Unions Protest Governor's Proposals
SACRAMENTO — Gov. Arnold Schwarzenegger faced one of the biggest protests of his political career Tuesday, when about 1,500 nurses marched on the Capitol behind black coffins and a New Orleans jazz band playing a death march.
They were upset about Schwarzenegger's emergency edict cutting back on the number of nurses required by law in hospitals and emergency rooms. The governor has said a nursing shortage required him to suspend the law, but the action has mobilized thousands against him.
Union leaders say Tuesday's protest was just the start of a large and coordinated movement against the governor. Schwarzenegger has made organized labor across the state -- including road construction crews, hospital nurses, public school teachers and welfare bureaucrats -- his biggest budget-cutting targets this year.
Under several Schwarzenegger proposals, private and public employee unions would face less pay, fewer vacation days, longer hours and bigger pension costs. Particularly with his plan to turn California's public pension system into a 401(k) plan fueled by employee contributions, he has unleashed one of the most aggressive campaigns targeting unions since the administration of former Gov. Pete Wilson.
Unions consider Schwarzenegger their biggest enemy and have begun organizing for an expensive fight. Both sides -- union leaders and Schwarzenegger's political allies -- are expected to spend tens of millions of dollars to run a series of TV ads in the months ahead pitching their agendas or defending themselves. Many of the governor's proposals must be put before voters, most likely in a special election this fall.
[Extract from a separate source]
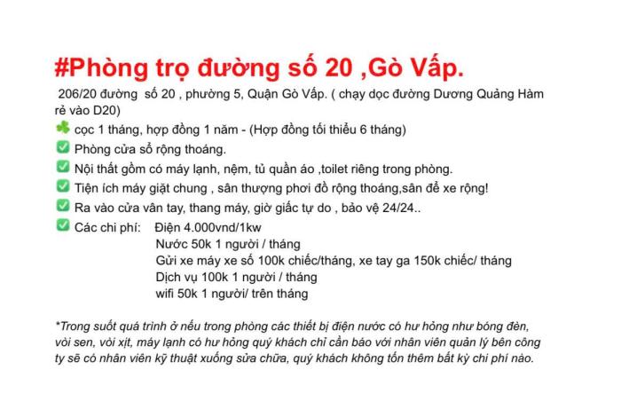 Diện tích: 30 m2 Giá: 2,800,000 Vnđ Quận/Huyện: Quận Gò Vấp Tỉnh/Thành phố: Hồ Chí Minh

"A year ago, the governor acknowledged that public employees do good work," said J.J. Jelincic, president of the California State Employees Assn. "Now he has adopted what I think has to be a right-wing ideological position that public employees are no good."
Schwarzenegger has picked a large and well-funded target. Ever since former Gov. Jerry Brown gave state workers the right to organize in 1978, public and private unions have emerged as the most potent political force in Sacramento. California has about 208,000 civil service employees, with nearly 178,000 workers organized in unions.
The governor's office said his proposals would make practical changes to a system that has been bankrupting the state. Schwarzenegger points to a public employee pension system that has increased annually by $508 million and a prison system in which there is "too much political influence, too much union control and too little management courage and accountability."